Entries taken from a collection

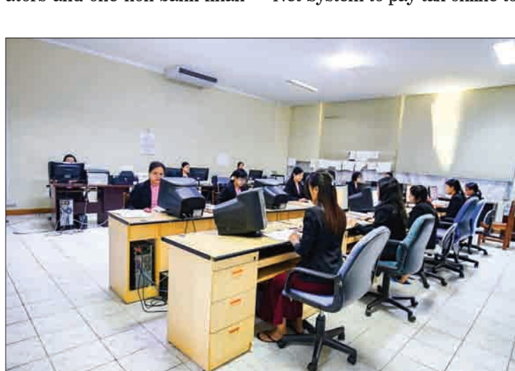
The Audit Department of Central Bank of Myanmar.
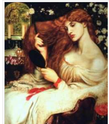
Lady Lilith by Dante Gabriel Rossetti
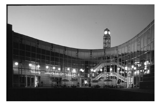
Irvine City Hall
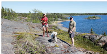
CITY OF YELLOWKNIFE
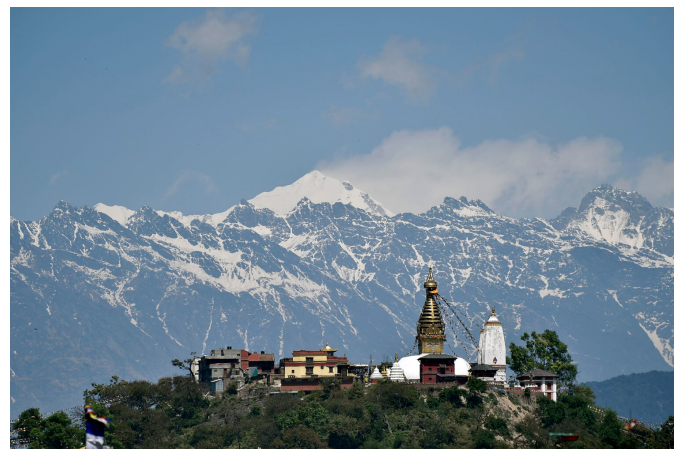
Clear weather with Swayambhu
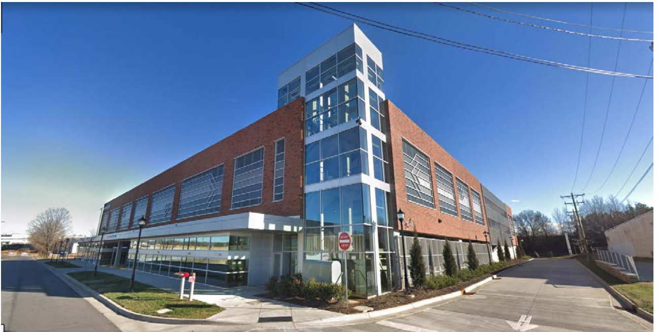
The property to the east is developed with a parking garage for the transit station.
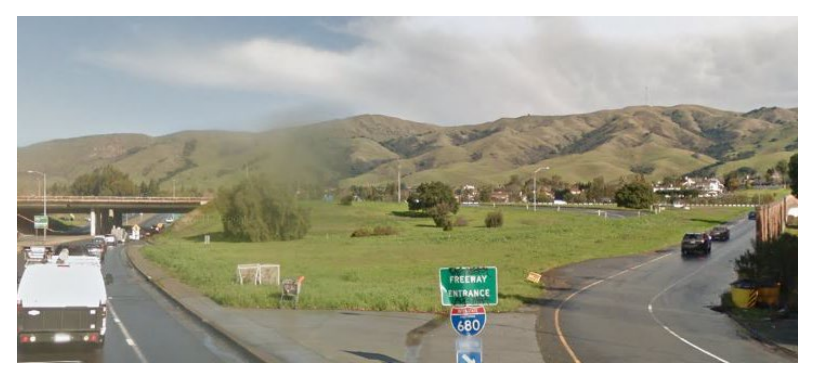
Eastbound SR-262 at the I-680 southbound on-ramp.
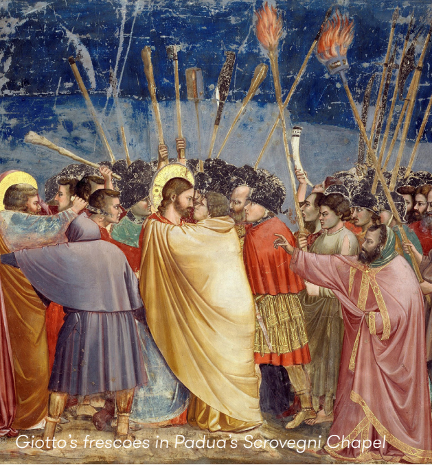
Giotto's frescoes in Padua's Scrovegni Chapel
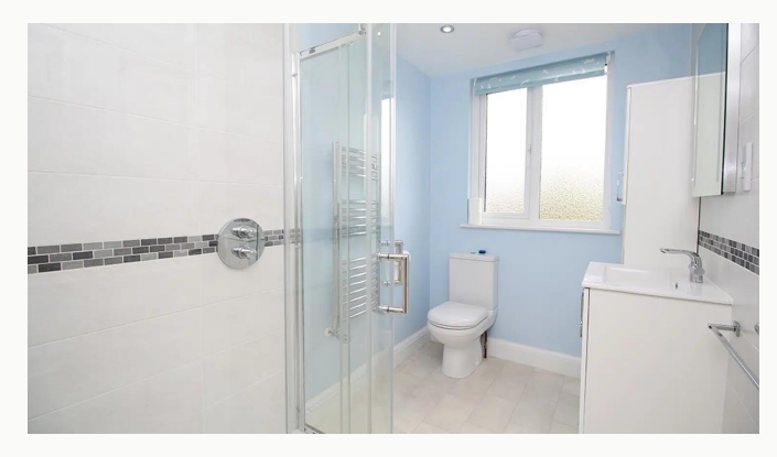
Shower Room (shared with one other room)
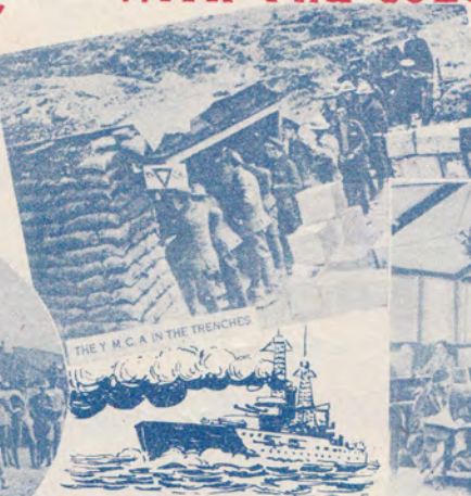
THEY M.C.A. IN THE TRENCHES
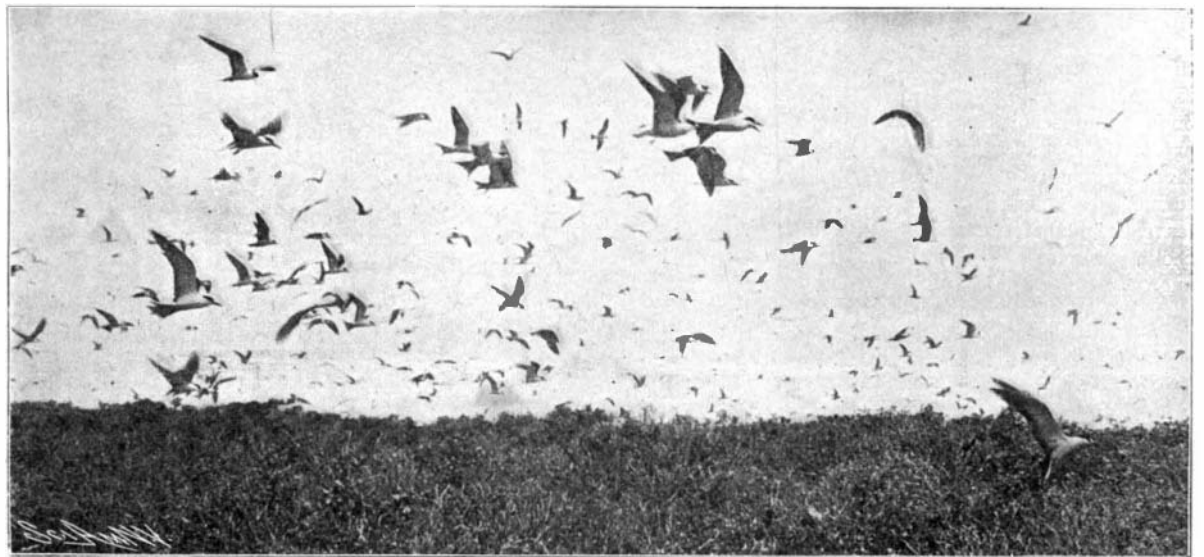
Customary Activity Over a Large Colony of Sooty Terns.
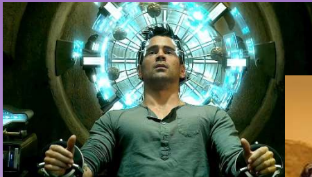
Total Recall (1996 & 2012)
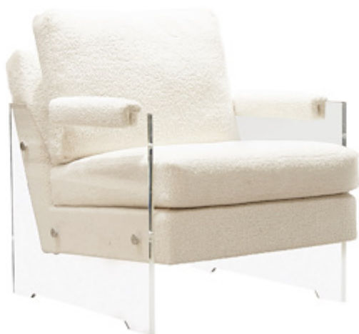
Pasha Furniture's Carson chair has an acrylic base and is available in more than 1,000 fabrics. Dallas, Atlanta
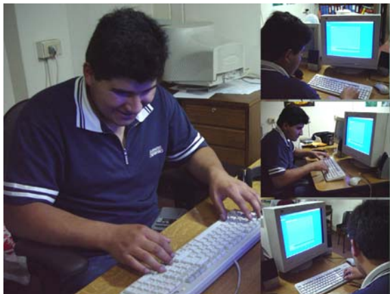
Fig. 1. A blind learner programming with APL

Two major difficulties can be found when blind learners use these languages. First, if they use a pure language they face the issue of verifying the program consistency and the correct reading of command lines. Second, if we provide them current tools to support program construction, they deal with graphical user interfaces. APL intends to close the gap between programming by sighted learners and programming by blind learners.
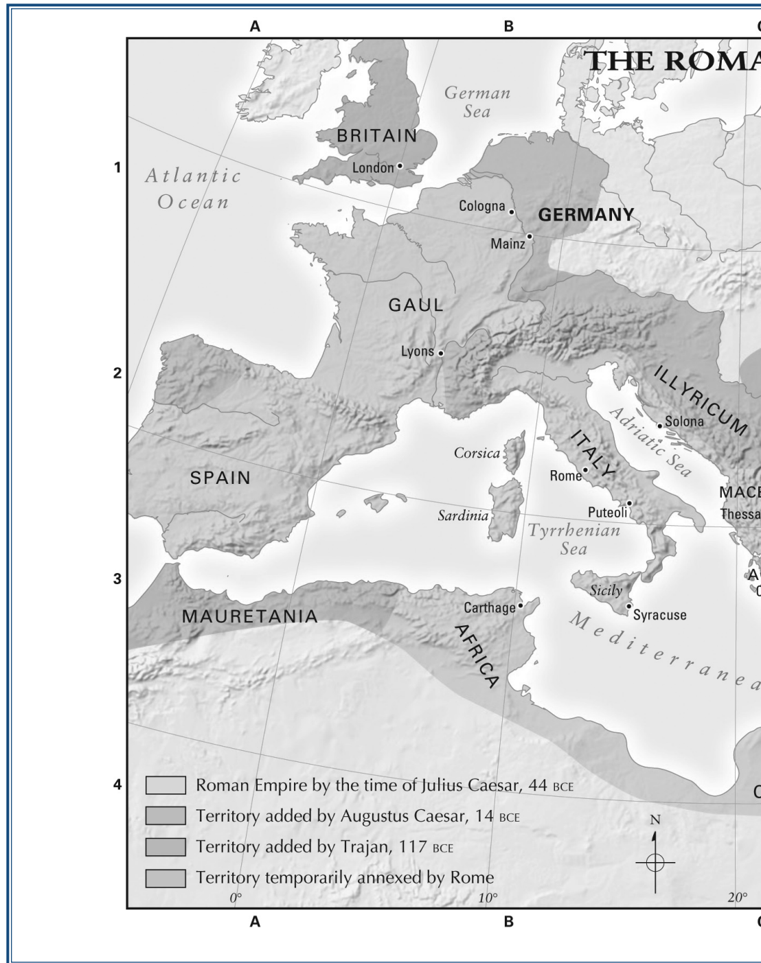
FIGURE 1.6. The Roman Empire
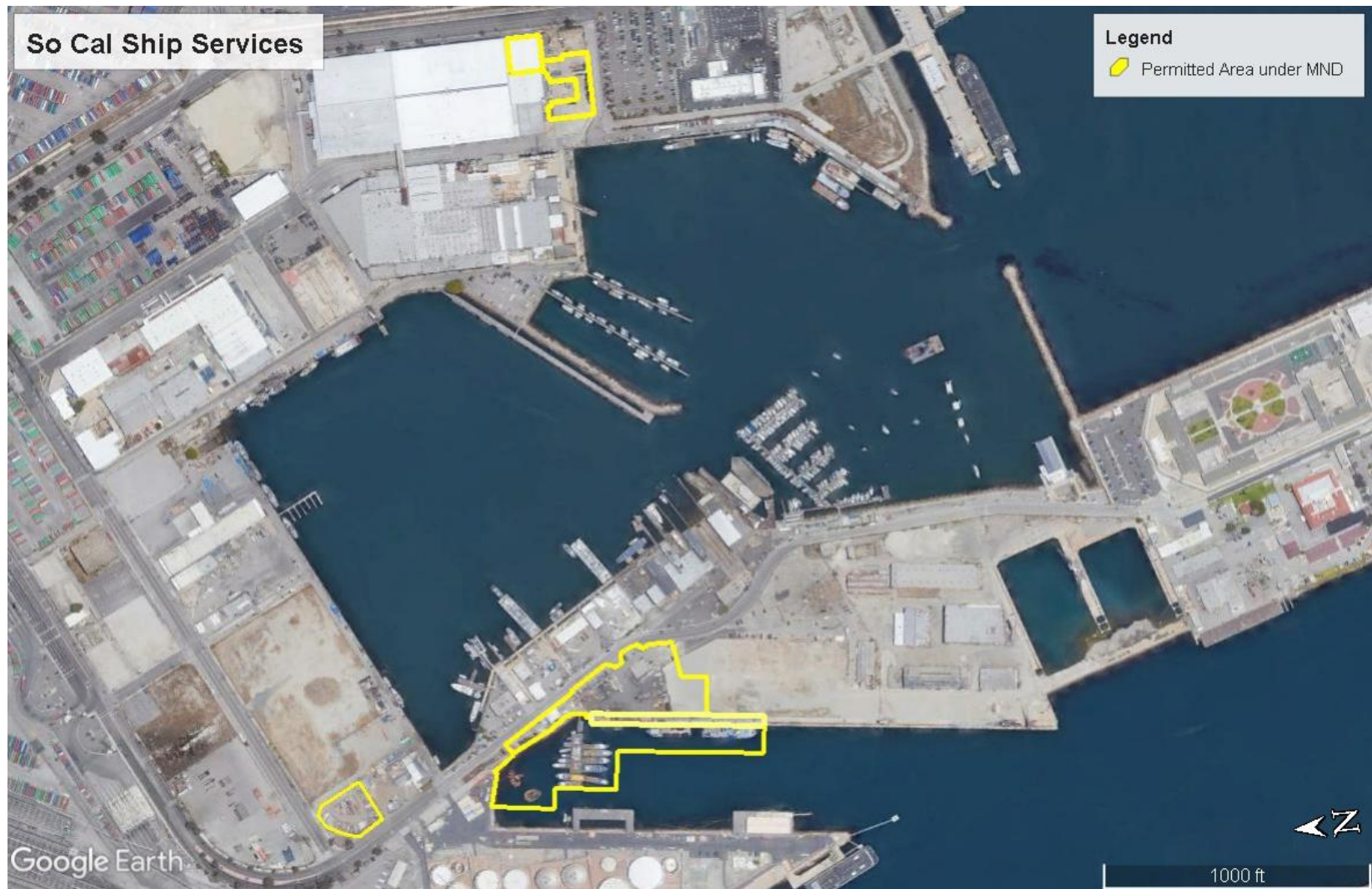
Figure 1 – Approved Project from Final IS/MND
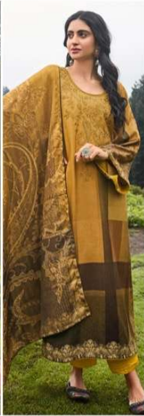
▲ 1002 ▲
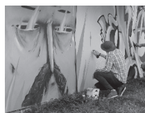
3 street artist

* **Exercise directions**:
The response must contain each line above that holds the string "programming".

* **Exercise solution**:
Fig. 1. A blind learner programming with APL
Two major difficulties can be found when blind learners use these languages. First, if they use a pure language they face the issue of verifying the program consistency and the correct reading of command lines. Second, if we provide them current tools to support program construction, they deal with graphical user interfaces. APL intends to close the gap between programming by sighted learners and programming by blind learners.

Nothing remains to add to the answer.